For singers whose gifts combine dramatic vitality, lyrical grace, and innate command of bel canto, it is hardly surprising that the music of Verdi figures prominently in their careers, both individually and as a couple. Their singing of ‘Signor nè principe io lo vorrei’ from Rigoletto indisputably confirms the couple’s Verdian credentials. Recently lauded in Houston Grand Opera’s production of the opera, Mr. Costello’s Duca di Mantova is a virile but sensually sophisticated lecher, and his buoyant phrasing of ‘È il sol dell’anima’ on this disc, cresting on a sunny top B♭, is fantastic. Ms. Pérez makes easy going of Gilda’s repeated top B♭s, and the ebullience of the couple’s singing of ‘Addio, addio, speranza ed dio, speranza ed anima’ ignites Verdi’s rocketing vocal lines. Including the traditional interpolated top D♭ in unison at the duet’s close strains Ms. Pérez and Mr. Costello unnecessarily, but the effort is admirable. Violetta and Alfredo in La traviata are also rôles in which Ms. Pérez and Mr. Costello have excelled, not least in the current revival of the opera at London’s Royal Opera House. Their singing of ‘Un dì felice, eterea,’ the scene from the opera’s opening Act in which Alfredo expresses his burgeoning love to Violetta, is one of the most enjoyable tracks on Love Duets. Mr. Costello’s voicing of the duet’s opening phrase, shaped by one of Verdi’s most memorable melodic lines, is ardent but appropriately poetic, and the sheer jubilation with which he and Ms. Pérez conjoin their voices is ravishing. To the detriment of the drama, very few Violettas and Alfredos manage to convey such sincere, uncomplicated affection.

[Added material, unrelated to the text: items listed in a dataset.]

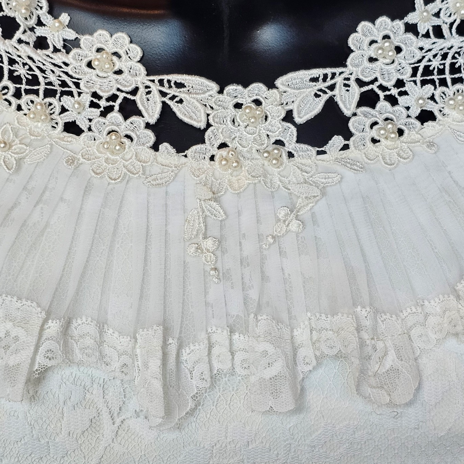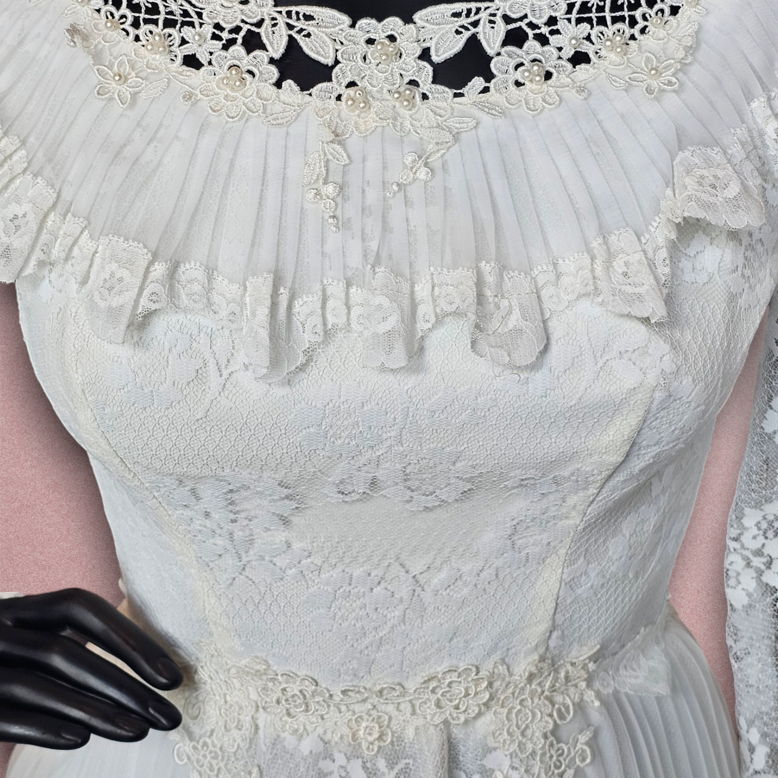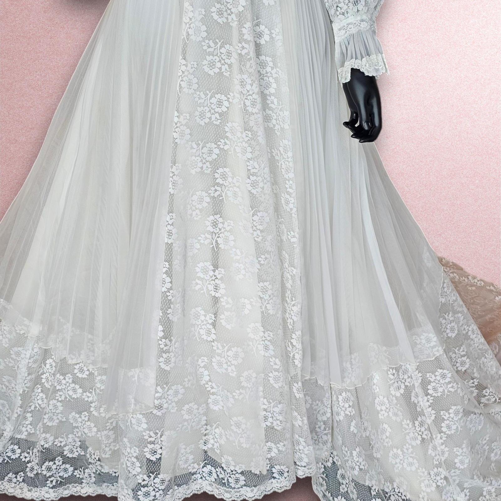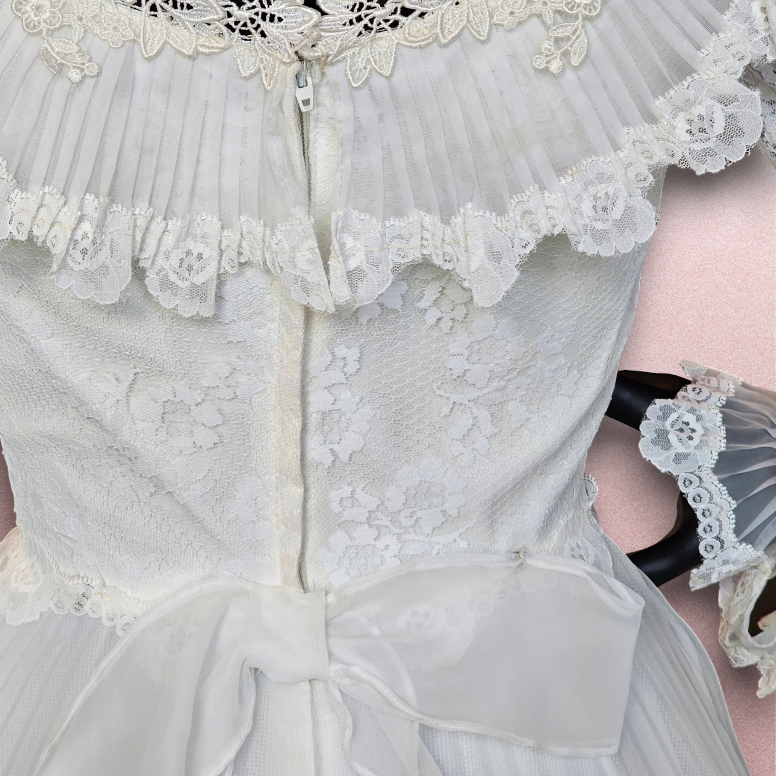 This vintage wedding gown exudes sweet romance with the plethora of amazing details from its flowing accordion pleat organza overly, lovely ruffles and puffed lace sleeves. The tiered skirt and chapel train add a touch of elegance and grace. Perfect for a dreamy and romantic wedding day.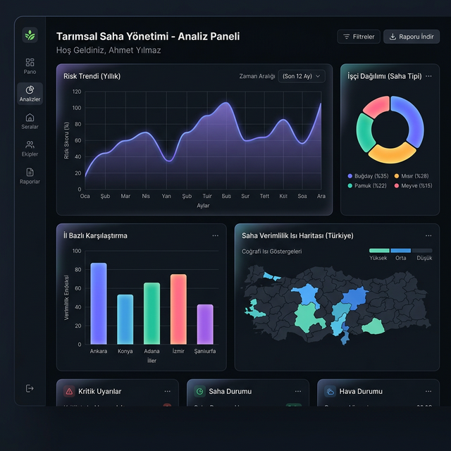 SVETA, tarımsal saha verilerini toplayan, analiz eden ve risk yönetimini kolaylaştıran profesyonel bir platformdur. Üretici takibinden anket yönetimine, istatistiklerden raporlamaya kadar her şey tek çatı altında.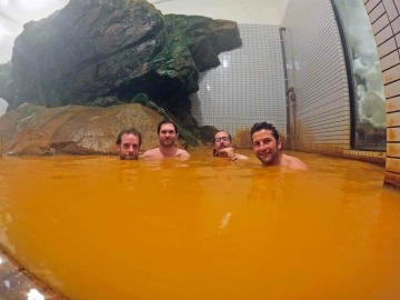 Ježdění v Japonsku zkrátka nemá chybu. Sníh lítá všude, je zima, fousy plný rampouchů. Po pár hodinách je toho ale až moc a jeden by se rád ohřál. Ve vulkanicky velmi aktivním kraji naštěstí není problém narazit na onsen. Onsen původně znamená horký pramen, jakých je na Hokkaidu mnoho. Dnes je to výraz pro veřejné koupele, možná spíš lázně, které najdete v každém městě i vesnici, často i daleko od civilizace. Bývá to větší budova s malou recepcí, miniaturním obchůdkem s dobrůtkami a suvenýry. Za vstup se platí něco mezi 500-1200Jeny, to je něco kolem naší stovky. Zázemí je podobné tomu našemu – projdete skrz oddělené šatny a pak přijdete do místnosti s bazénky s různě teplou vodou, ty horké bývají i venkovní. Často se v areálu nachází i sauna. Pro Japonce jsou onseny významnou součástí kultury a tráví v nich poměrně dost času.
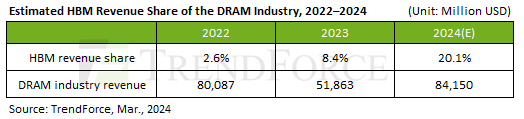 As first reported by Reuters, SK hynix CEO Kwak Noh-Jung has commented that he expects HBM sales will constitute a double-digit percentage of its DRAM chip sales in 2024. This prediction corroborate with estimates from TrendForce, who believe that, industry-wide, HBM will account for 20.1% of DRAM revenue in 2024, more than doubling HBM's 8.4% revenue share in 2023.
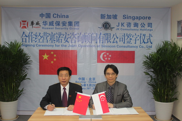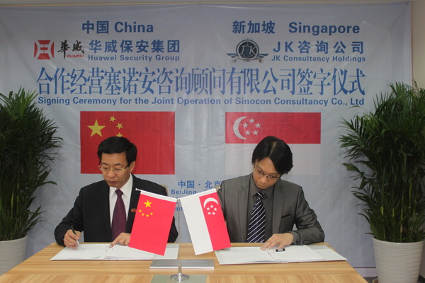 山東華威保安集團(tuán)與新加坡JK咨詢(xún)控股公司合作經(jīng)營(yíng)北京塞諾安咨詢(xún)顧問(wèn)有限公司協(xié)議在北京簽訂。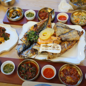 푸짐한 생선구이, 맛도 좋고 예쁜 식기류도 깔끔하고 분위기도 좋았어요. 화덕모듬생선밥상 단품으로 기본 상차림이 깔끔합니다 거창에서 생선구이 찾기 어려운데 화덕구이로 생선구이를 먹었답니다. 음식이 깔끔하고 맛있어요. 젓갈종류도 맛있어요. 단체모임하기 좋을것 같아요. 한적한 시골에 너무 멋진 인테리어를 한 도감어가이네요. 메인음식 푸짐했고 맛있었어요. 생선살이 쫀득하고 탱탱하니 맛있고 돌솥밥에 누룽지 따뜻하게 조화롭습니다. |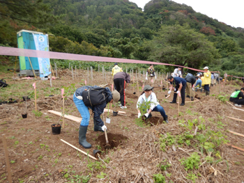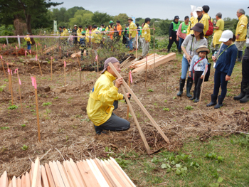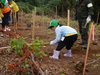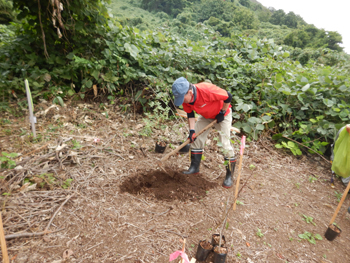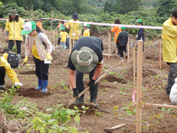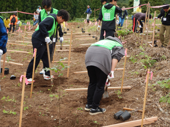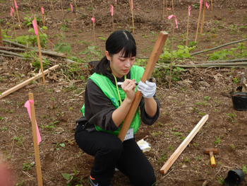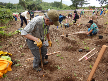 - あちこちで、植え穴を掘ったり苗木を固定したり、杭を打ったりと皆さん一生懸命作業しています。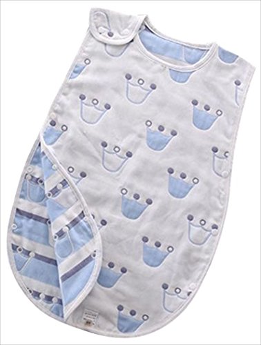 GJTr 6重 ガーゼ スリーパー ベビー パジャマ ベスト オーガニック コットン 綿 クラウン ブルー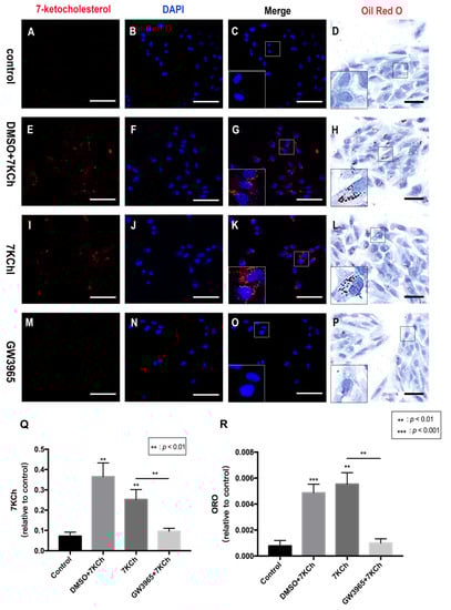 7KCh immunocytofluorescence and Oil Red O staining of ARPE-19 cells. 7KCh deposition was detected by immunofluorescence (A–C,E–G,I–K,M–O) and Oil Red O staining (D,H,L,P). (A–D). As a control, ARPE-19 cells were cultured with a serum-free medium for 48 h. (E–H) ARPE-19 cells were incubated with DMSO (0.02%) for 24 h following 7KCh (20 μM). (I–L) ARPE-19 cells were cultured with serum-free medium for 24 h and then incubated with 7KCh (20 μM) for 24 h. (M–P) ARPE-19 cells were incubated with GW3965 (2 μM) for 24 h following 7KCh (20 μM). The cells were harvested and subjected to double immunofluorescent staining and Oil Red O staining analyses. White scale bar 75 μm. Black scale bar 50 μm. (Q,R) 7KCh immunofluorescence and Oil Red O intensity were averaged at eight locations. Data are represented as mean ± SEM of three independent experiments. Differences with p < 0.05 were considered statistically significant.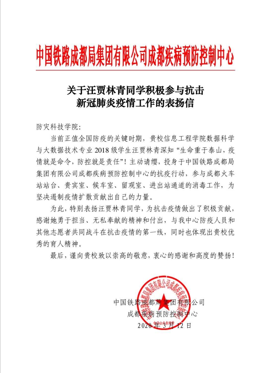 关于公司汪贾林青同学积极参与抗击新冠疫情防疫工作的表扬信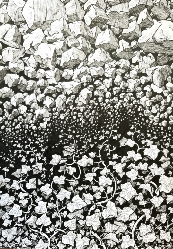 En 2018, il réalise sa première expo personnelle dans la région (au Tempo, Yverdon), puis en 2020 à Gressyland. Progressivement il se dirige vers une ligne qui vit, empreinte des pleins et des déliés, et vers des structures parfois répétées qui se retrouvent dans ses univers teintés de surréalisme et référencés d’anciens maîtres graveurs comme Maurits Cornelis Escher. Il aime que ces créations puissent contenir plusieurs étages de lecture et recherche toujours à affiner son geste et l’harmonie de sa ligne tracée.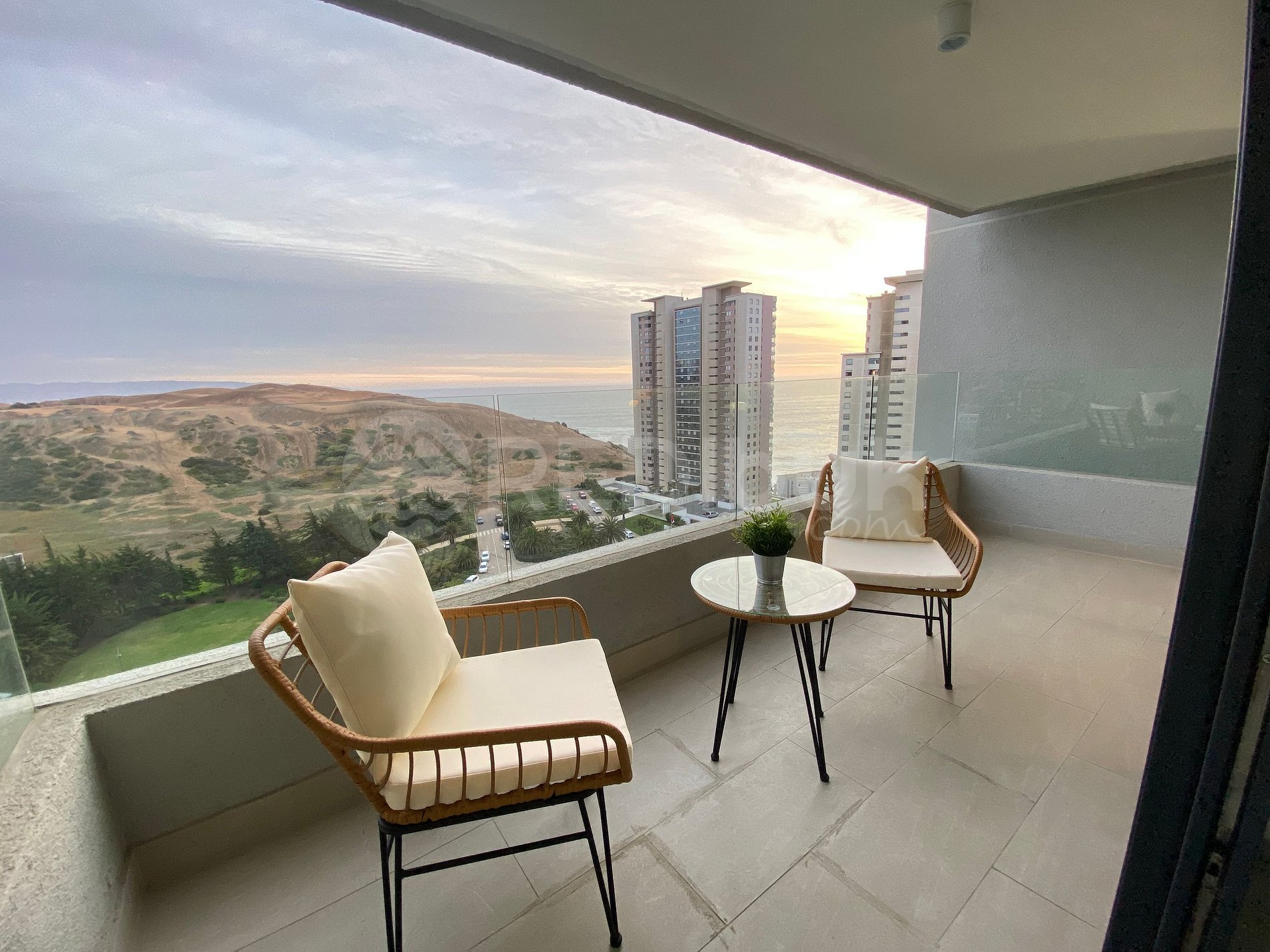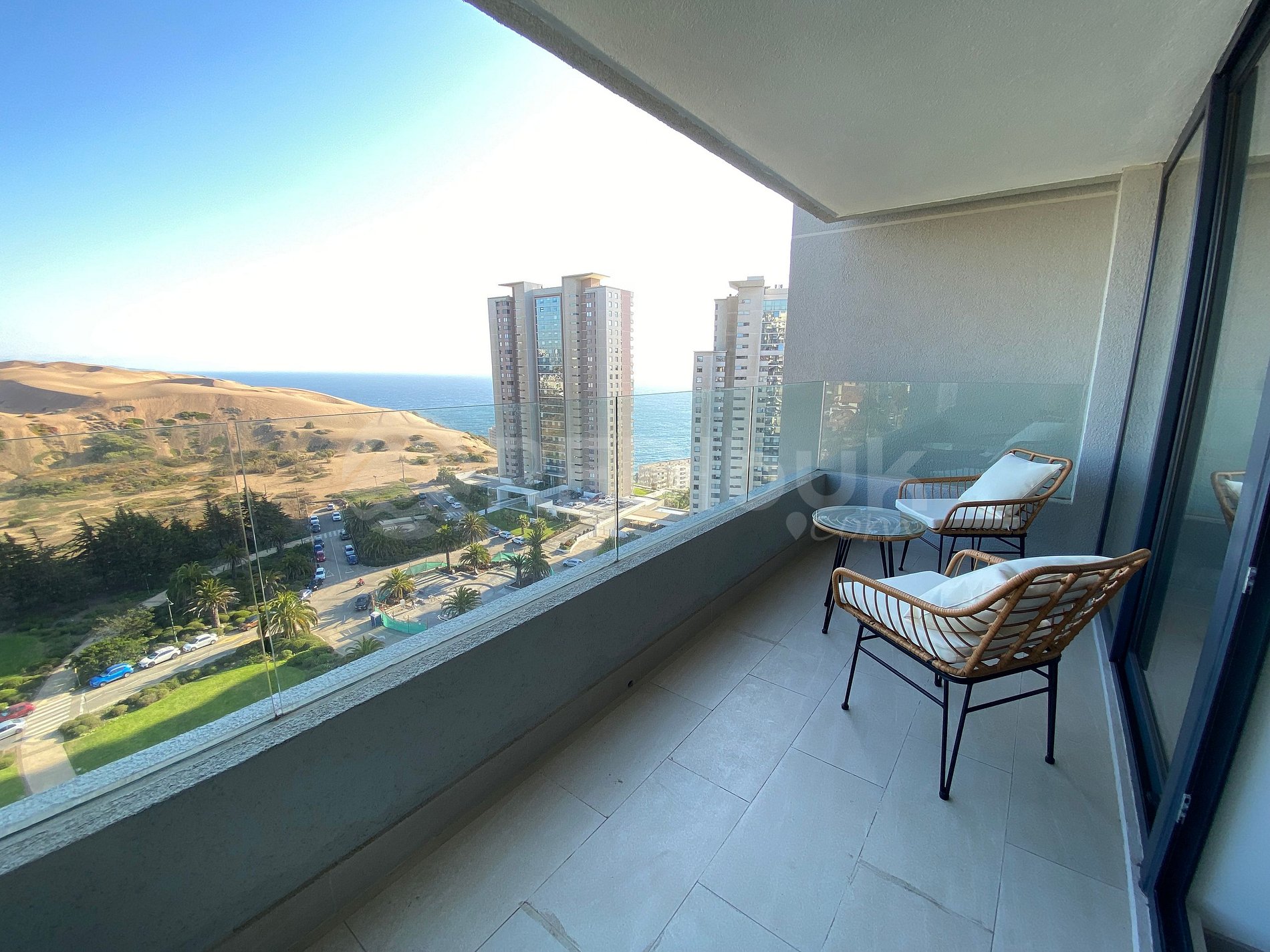 El departamento está en el piso 17, lo que permite tener una vista maravillosa al campo dunar, Viña del Mar y al océano, además de unos hermosos atardeceres entre el mar y las dunas. Cuenta con un dormitorio, un baño, living, cocina americana, terraza y todo el equipamiento necesario para una estadía cómoda y sin preocupaciones.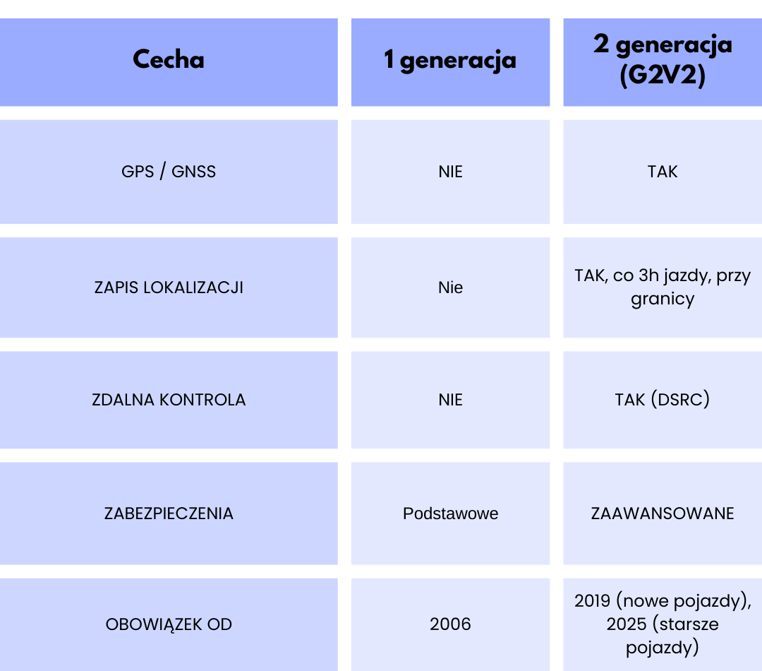 - Tachograf inteligentny 2. generacji (G2V2) – aktualny standard, z GPS-em, zdalnym monitoringiem i znacznie lepszą ochroną danych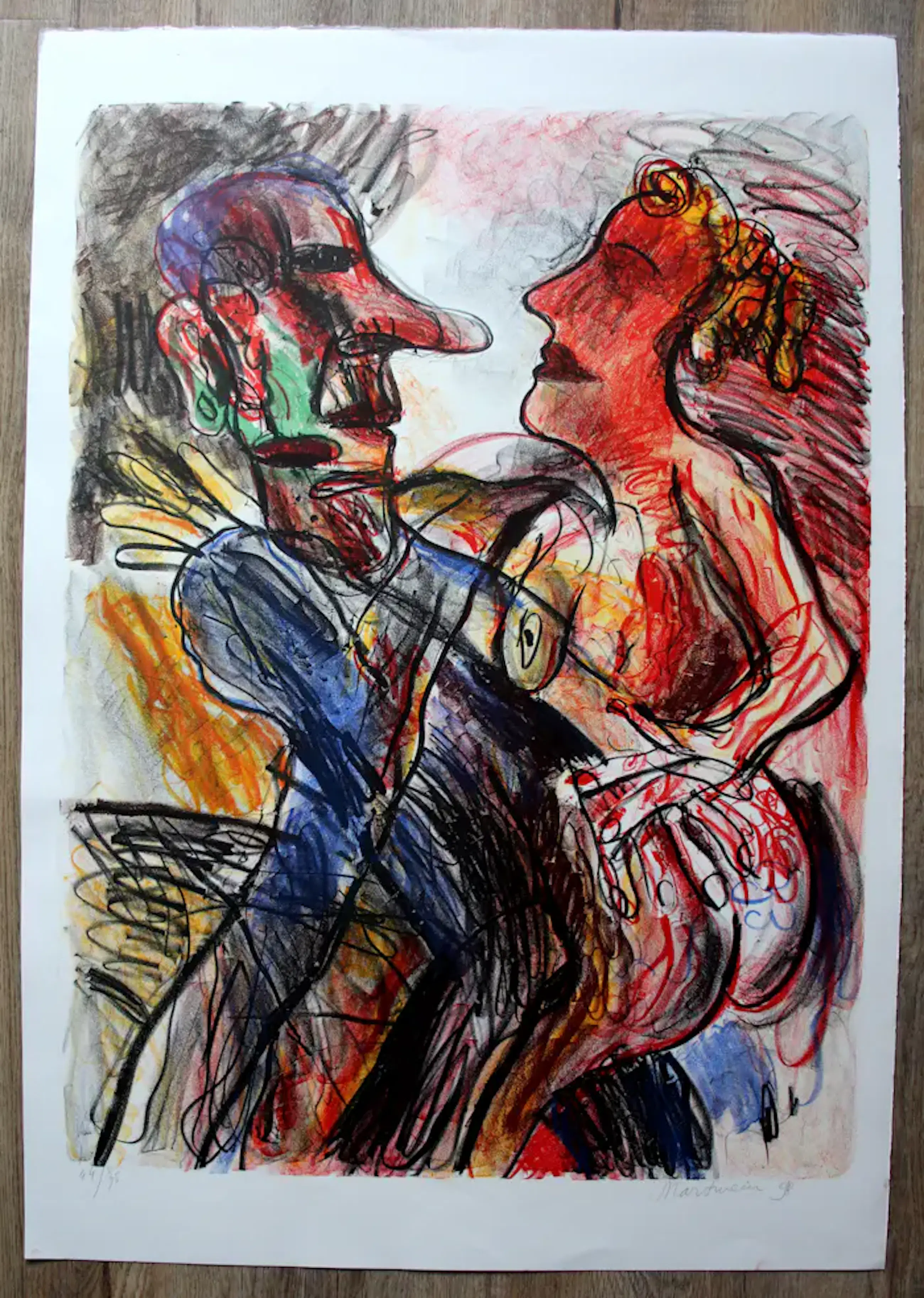 Litho van Anton Martineau uit 1998. Oplage: 44/75. Afmetingen blad: H100 x b72cm. Afmetingen voorstelling: H86 x b63cm. Het werk is rechts onderaan, met potlood gesigneerd, door de kunstenaar. De authenticiteit van het aangeboden werk wordt volledig gegarandeerd. Een certificaat van echtheid kan, op aanvraag worden gemaild.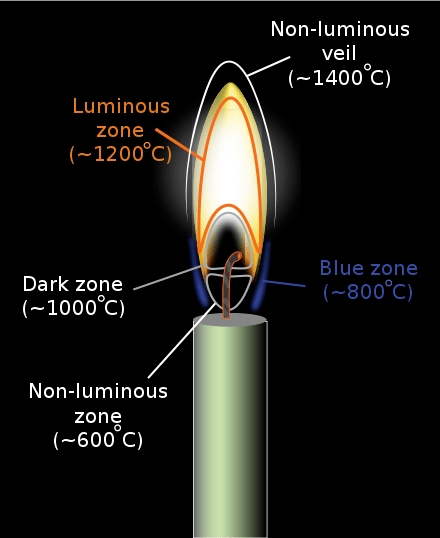 Κάτι ενδιαφέρον σχετικά με τη φλόγα είναι ότι έχει διακριτές στρώσεις, στις οποίες λαμβάνουν χώρα διαφορετικά στάδια της χημικής αντίδρασης. Αν έχεις ποτέ κοιτάξει από κοντά τη φλόγα ενός κεριού, σίγουρα θα έχεις δει αυτές τις στρώσεις. Πιο κοντά στην καύσιμη ύλη είναι η εσωτερική στρώση – αυτή είναι το λιγότερο ζεστό σημείο και περιέχει ένα μείγμα καυτών υδρατμών απ΄την καύσιμη ύλη και λίγο οξυγόνο. Η μεσαία στρώση της φλόγας είναι το μέρος όπου η αντίδραση αρχίσει να δυναμώνει – είναι πολύ πιο ζεστή και φωτεινή από την εσωτερική στρώση. Τέλος, η εξωτερική στρώση είναι το μέρος που η χημική αντίδραση προχωράει για τα καλά – είναι η πιο ζεστή και η πιο λεπτή στρώση της φλόγας.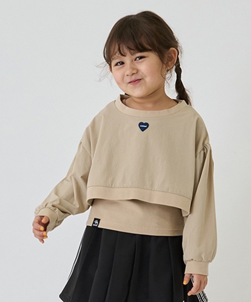 前面に配置されたハートのワッペンが可愛らしさをプラス。

Love Duets is not a perfect disc, but its imperfections are those of irrepressible enthusiasm rather than carelessness. Musically, this is a very satisfying recital of some of the most emblematic love duets from the Broadway and operatic stages. Those listeners who are attentive to the ascents of young singers of quality are almost surely already familiar with Ailyn Pérez and Stephen Costello: they will find in Love Duets, in which the performances receive superlative support from the BBC Symphony Orchestra and conductor Patrick Summers, an opportunity to renew their acquaintances with these wonderful singers. Those for whom Love Duets is their first introduction to this couple have before them an experience that, in the best of circumstances, comes but a few times in each generation, that of meeting new artists on the best of terms. Love Duets is neither an arbitrary title nor even merely a descriptive one: this is a disc in which the very personal love of a young couple, their loves for singing and for singing together, and the loves of the characters they portray are wedded indelibly. Few discs convey this marriage of life and art so affectingly. Ultimately, it is upon discs like Love Duets and the endeavors of singers like Ailyn Pérez and Stephen Costello that the future of opera depends.